Problem Set 5: Speller

Evidence of a 5-point Submission

  • check function calculates the hash index once and uses a loop with short-circuiting to inspect that index, uses strcasecmp to compare words
  • Implements a hash function that is more complex than sorting by the first n letters of a word or summing the ASCII values of a word, calculates an appropriate value of N
  • load function error handles after malloc and fopen calls, uses fscanf to store the new word directly in the table (without using a buffer)
  • size function returns size in O(1) (handled within the load function)
  • unload function uses recursion or a loop to free the entire table, only declares one or two new variables or functions

Evidence of a 4-point Submission

  • check function calculates the hash index once and uses a loop with short-circuiting to inspect that index, uses strcasecmp to compare words
  • Student attempts to implement a hash function that is more complex than sorting by the first n letters of a word
  • load function function error handles after malloc and fopen calls, may use a buffer to transfer a word into the table
  • size function returns size in O(1) (handled within the load function)
  • unload function uses recursion or a loop to free the entire table, may declare three or four new variables or functions

Evidence of a 3-point Submission

  • check function calculates the hash index once and uses a loop with short-circuiting to inspect that index
  • Student attempts to implement a hash function that is more complex than sorting by first letter
  • load function uses a buffer to transfer a word into the table
  • size function returns size in O(1) (handled within the load function)
  • unload function iterates through each linked list in each element of the table at most once

Evidence of a 2-point Submission

  • Defines N to be a number much larger than required by the given hash function
  • check function calculates the hash index more than once, does not short-circuit, uses strcmp to compare strings
  • hash function is less complex (sorts into fewer indices) than sorting by first letter
  • load function does not check that fopen or malloc have executed successfully, may not fscanf directly into the node, may unnecessarily initialize the table to NULL, may use other extraneous variables and conditionals within the loop
  • size function returns size in O(n)
  • unload function iterates through the table using extraneous variables or computation for each element

Evidence of a 1-point Submission

  • Defines N to be a number much smaller than required by the given hash function
  • check function does not use strcmp or strcasecmp to compare words, may malloc or do other unnecessary computation for each word in the list
  • hash function remains unchanged or may produce an index that is outside of the range of [0, N-1].
  • load function iterates through the dictionary in a way that is confusing or needlessly complicated
  • size function returns size in O(n)
  • unload function uses a confusing method to iterate through the table, may visit elements in the table more than once or skip over elements of the table

Example Implementations (Worse vs.
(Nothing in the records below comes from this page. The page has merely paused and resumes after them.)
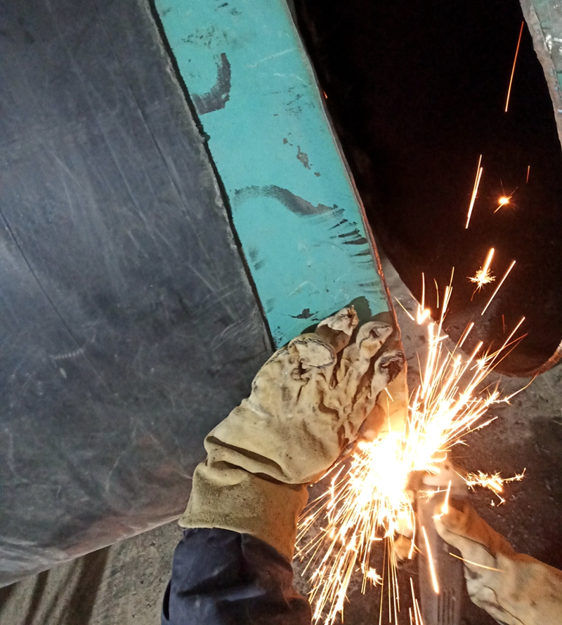 對(duì)口安裝前,采用角磨機(jī)對(duì)坡口打磨
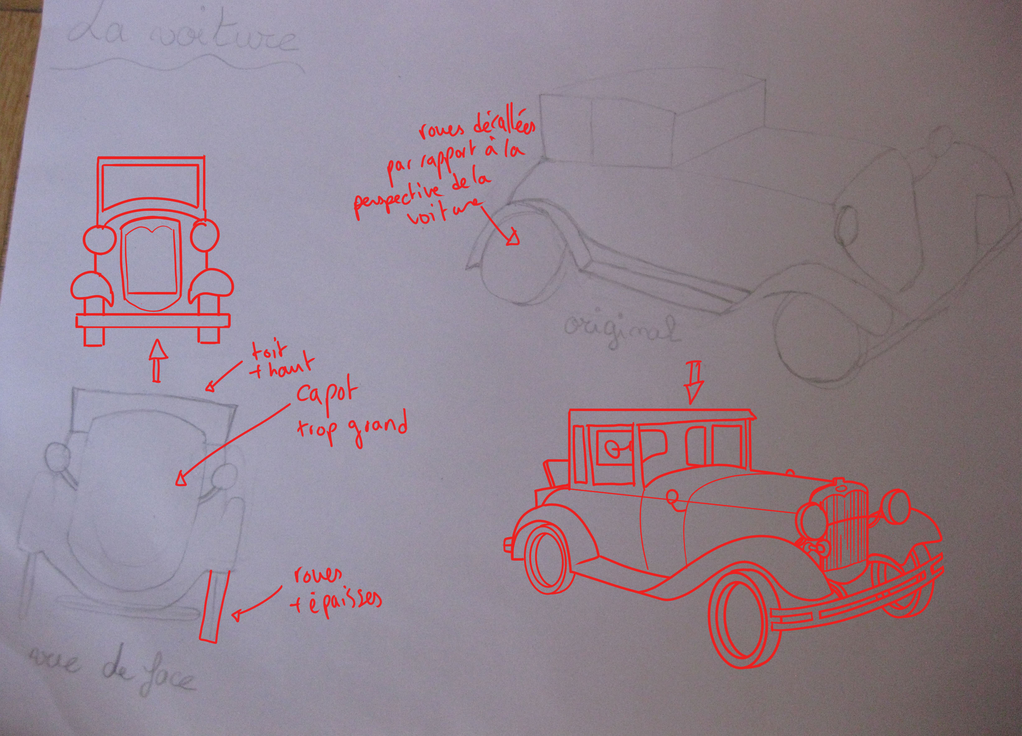 Y sí, el auto no es fácil, ¡pero el ejercicio parece bastante entendido! Corregí visualmente algunas inversiones y el punto de vista de ciertos elementos. En cualquier caso, ¡es un buen trabajo!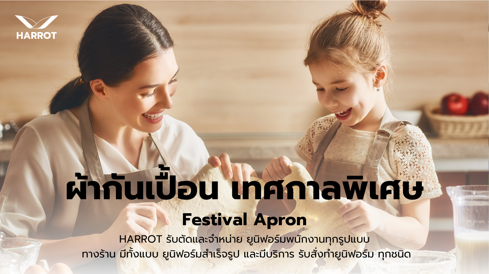 ผ้ากันเปื้อนเทศกาลพิเศษออกแบบมาเพื่อเพิ่มความสนุกและสีสันให้กับการทำอาหารในช่วงวันหยุดและเทศกาลสำคัญ ด้วยลวดลายและสีสันที่เข้ากับบรรยากาศเฉลิมฉลอง ทำให้คุณและครอบครัวสามารถเพลิดเพลินกับการเตรียมอาหารได้มากยิ่งขึ้น นอกจากนี้ยังเป็นของขวัญที่น่ารักและใช้งานได้จริงสำหรับคนที่รักการทำอาหาร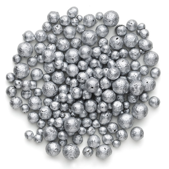 Dekorsten, av brent leire (lecakuler), ca. 4-8 mm, metallicfargede. Til borddekorasjon, planteterrarium o.l. Leveres i plastboks 6.5x6.5x6 cm. Innhold ca. 375 g/250 ml.Sølv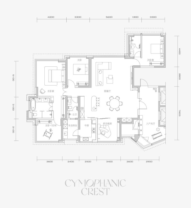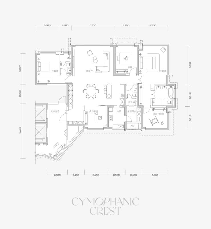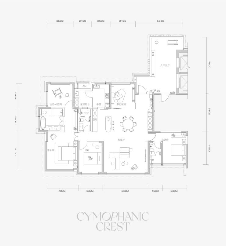 A1 3室3厅3卫+1多功能房间 210㎡
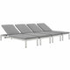 Maintain clean lines with the Shore Outdoor Patio Chaise Lounge Chair Set. Strong and durable, relax as you choose from four available recline positions while relaxing on machine washable all-weather cushions, or sunbathe while lying flush on Shore’s breathable Textilene® mesh. Made with an anodized brushed aluminum frame, Shore Patio Chaise Lounge is a breeze to assemble, comes with clear wheels for easy mobility on the top end, and non-marking black plastic foot caps under the bottom two support legs. Chic and minimalist, the Shore Outdoor Sun Lounger is a piece built to last with the comfort and versatility you’ve been looking for in an outdoor lounger.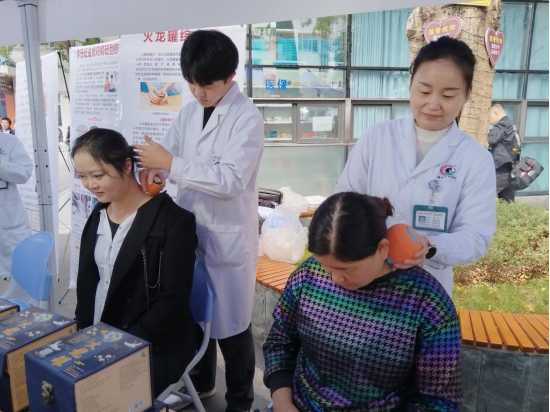 此次义诊活动覆盖了健康咨询、疾病筛查,设立有干眼症、视疲劳、近视防控熏蒸治疗体验区,中医药养生产品展示区、中药茶饮品鉴区、中医适宜技术体验区,旨在通过面对面的服务,让患者能享受到专业、便捷、具有中医特色的医疗服务。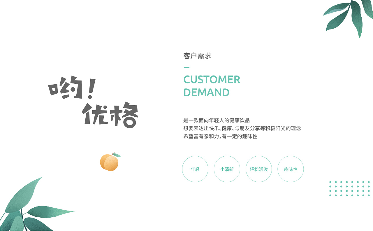 【品牌介紹】是一款面向年輕人的健康飲品,想要表達(dá)出快樂、健康與朋友分享積極陽(yáng)光的理念希望富有親和力,有一定的趣味性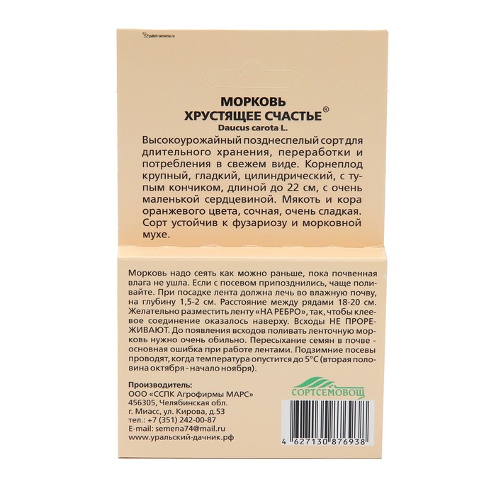 Высокоурожайный позднеспелый сорт для длительного хранения, переработки и потребления в свежем виде. Корнеплод крупный, гладкий, цилиндрический, с тупым кончиком, длиной до 22 см, с очень маленькой сердцевиной. Мякоть и кора оранжевого цвета, сочная, очень сладкая. Сорт устойчив к фузариозу и морковной мухе. Морковь надо сеять как можно раньше, пока почвенная влага не ушла. Если с посевом припозднились, чаще поливайте. При посадке лента должна лечь во влажную почву, на глубину 1,5-2 см. Расстояние между рядами 18-20 см. Желательно разместить ленту «НА РЕБРО», так, чтобы клеевое соединение оказалось наверху. Всходы НЕ ПРОРЕЖИВАЮТ. До появления всходов поливать ленточную морковь нужно очень обильно. Пересыхание семян в почве основная ошибка при работе лентами. Подзимние посевы проводят, когда температура опустится до 5°С (вторая половина октября-начало ноября).

Better)

check Function

Worse Implementation

The example below uses an unnecessary conditional statement

unsigned int hcode = hash(word);
node *trav = table[hcode];

while (trav != NULL)
{
    if (strcasecmp(trav->word, word) == 0)
    {
        return true;
    }
    else
    {
        trav = trav->next;
    }
}

return false;

Better Implementation

The example below uses no extraneous variables or conditionals

node *trav = table[hash(word)];

while (trav != NULL)
{
    if (strcasecmp(trav->word, word) == 0)
    {
        return true;
    }

    trav = trav->next;
}

return false;

Hash Function

Worse Implementation

The example below uses a value of N that will leave empty slots at both the beginning and end of the hash table. It also uses an unnecessary conditional statement

const unsigned int N = 1000000;

unsigned int hash(const char *word)
{
    int sum = 0;

    for (int i = 0; i < 3; i++)
    {
        if (strlen(word) > i)
        {
            sum += toupper(word[i]);
        }
        else
        {
            sum += 0;
        }
    }

    return (sum % N);
}

Better Implementation

Although the hash function itself is not better, the example below picks a more appropriate value for N and uses no unnecessary conditionals or variables. Note that it still wouldn’t be most efficient to call strlen twice.
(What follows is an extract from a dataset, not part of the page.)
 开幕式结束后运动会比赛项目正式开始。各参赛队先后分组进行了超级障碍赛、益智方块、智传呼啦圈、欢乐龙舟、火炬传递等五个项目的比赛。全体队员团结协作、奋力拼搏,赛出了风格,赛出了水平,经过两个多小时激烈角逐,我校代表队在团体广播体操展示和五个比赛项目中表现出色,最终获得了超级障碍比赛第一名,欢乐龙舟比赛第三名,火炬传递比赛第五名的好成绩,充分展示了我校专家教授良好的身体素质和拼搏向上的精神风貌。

const unsigned int N = 72;

unsigned int hash(const char *word)
{
    int sum = 0;
    int iterations = strlen(word) < 3 ? strlen(word) : 3;

    for (int i = 0; i < iterations; i++)
    {
        sum += toupper(word[i]) - 'A';
    }

    return sum % N;
}

load Function

Worse Implementation

The example below uses a buffer and an unnecessary conditional statement (there is no need to check if table[bucket] != NULL)
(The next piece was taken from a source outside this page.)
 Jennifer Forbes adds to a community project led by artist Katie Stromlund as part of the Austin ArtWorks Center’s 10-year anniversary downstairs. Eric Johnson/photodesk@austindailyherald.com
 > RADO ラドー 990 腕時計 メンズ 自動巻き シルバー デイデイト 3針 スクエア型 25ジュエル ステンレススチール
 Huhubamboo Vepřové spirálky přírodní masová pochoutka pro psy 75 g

char new_word[LENGTH + 1];

while (fscanf(dict, "%s", new_word) != EOF)
{
    n = malloc(sizeof(node));
    if (n == NULL)
    {
        return false;
    }

    strcpy(n->word, new_word);
    n->next = NULL;

    int bucket = hash(n->word);
    if (table[bucket] != NULL)
    {
        n->next = table[bucket];
    }

    table[bucket] = n;
    size_of_dict += 1;
}

// clean up...

Better Implementation

The example below avoids using a buffer by freading directly into the node

// load dictionary...

while (true)
{
    node *newnode = malloc(sizeof(node));
    if (newnode == NULL)
    {
        return false;
    }

    if (fscanf(source, "%s", newnode->word) == EOF)
    {
        free(newnode);
        break;
    }

    unsigned int hcode = hash(newnode->word);

    newnode->next = table[hcode];
    table[hcode] = newnode;

    dsize++;
}

// clean up...

size Function

Worse Implementation

The example below includes an unnecessary conditional

if (counter > 0)
{
    return counter;
}

return 0;

Better Implementation

The example below includes no unnecessary conditionals

// calculated in load
return dsize;

unload Function

Worse Implementation

The example below includes an unnecessary conditional and initializes many variables

for (int x = 0; x < N; x++)
{
    node *checker = table[x];
    while (checker != NULL)
    {
        node *tmp = checker;
        checker = checker->next;
        free(tmp);
    }

    if (x == N - 1 && checker == NULL)
    {
        return true;
    }
}
return false;

Better Implementation

The example below has no unnecessary conditionals and uses recursion to avoid the need for extraneous variables

void vacate_list(node *head)
{
    if (head == NULL)
    {
        return;
    }

    vacate_list(head->next);
    free(head);
}

bool unload(void)
{
    for (int i = 0; i < N; i++)
    {
        vacate_list(table[i]);
    }

    return true;
}